Monday, September 20, 2010

Male Bonding

A few minutes ago, I smelled the freshly squeezed calamansi juice that my father was making for his bedtime tea.  I looked up from where I was sitting and asked if there were any calamansi left.  He told me that there were enough, and implied that if I wanted some I should get off my ass and make a cup for myself.

As I started to slice the fruit I casually asked if he had any small strainer ready; he said no.  He said I should fish out the seeds using a teaspoon.  I then continued slicing, and then he handed me a teaspoon, interrupting his own masterpiece.  He then noted how I was slicing the calamansi; he mentioned something about how to properly do it, which was his way, of course.
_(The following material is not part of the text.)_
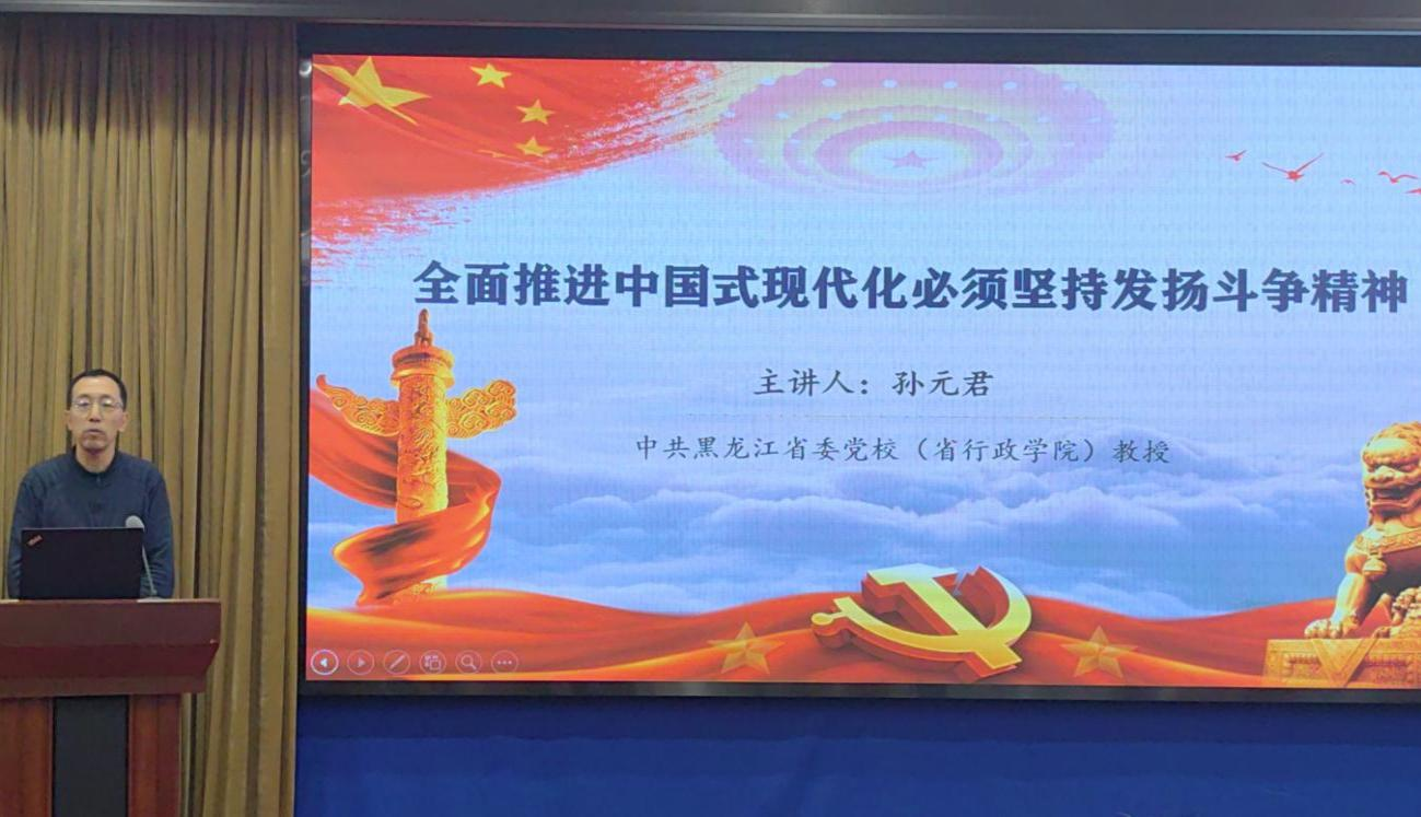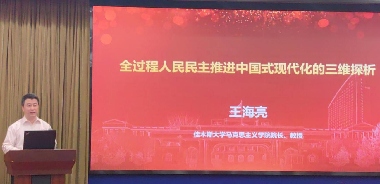哈尔滨师范大学马克思主义学院院长刘爱军教授、黑龙江大学哲学学院院长蒋红雨教授、佳木斯大学马克思主义学院院长王海亮教授、黑龙江省社会科学院法学研究所副所长(负责人)李店标研究员、东北农业大学马克思主义学院副院长赵继颖教授、m体育【中国】股份有限公司(黑龙江省行政学院)政治和法律教研部孙元君教授,分别以“新时代文化主体性的中国式现代化之维”“绿色生活——作为中国式现代化的生活世界”“全过程人民民主推进中国式现代化的三维探析”“法治是中国式现代化的重要保障”“新质生产力赋能数字乡村发展——以黑龙江省为例”“全面推进中国式现代化必须坚持发扬斗争精神”为题,作了高水平主题发言。

I started squeezing and then scooping the seeds out.  He handed me a small jar of honey; he told me to use it.  As he started dipping an herbal teabag, in and out, bouncing up and down the elixir, he said that I should put in some teabags because it would make the concoction delicious.  I went to the thermos for some hot water, and then he called out and said that he had some freshly-boiled water ready; as I am not very much familiar with my parents' kitchen I turned and looked like I was caught in a hazy maze.  He pointed at one corner; apparently, he used the coffee pot to boil the water.  I then poured some water, put the pot back, and started going through the cupboard for some teabag.  He hissed that he already had something ready for me.  Like a little girl I took the teabag from him, ripped it open, and started dipping, in and out, bouncing up and down.

As I was clearly finished with the ceremony --- which he was watching as he sipped his tea, standing up --- he told me how I should secure the teabag by wrapping its end around the mug holder.

Although my dad and I fight sometimes as he is a terrible (and sexist) backseat driver and like many men he always insists that he is always right, I found that supposed-annoying instance comforting and thought that I simply missed being a just a child, that I will always be somebody's daughter.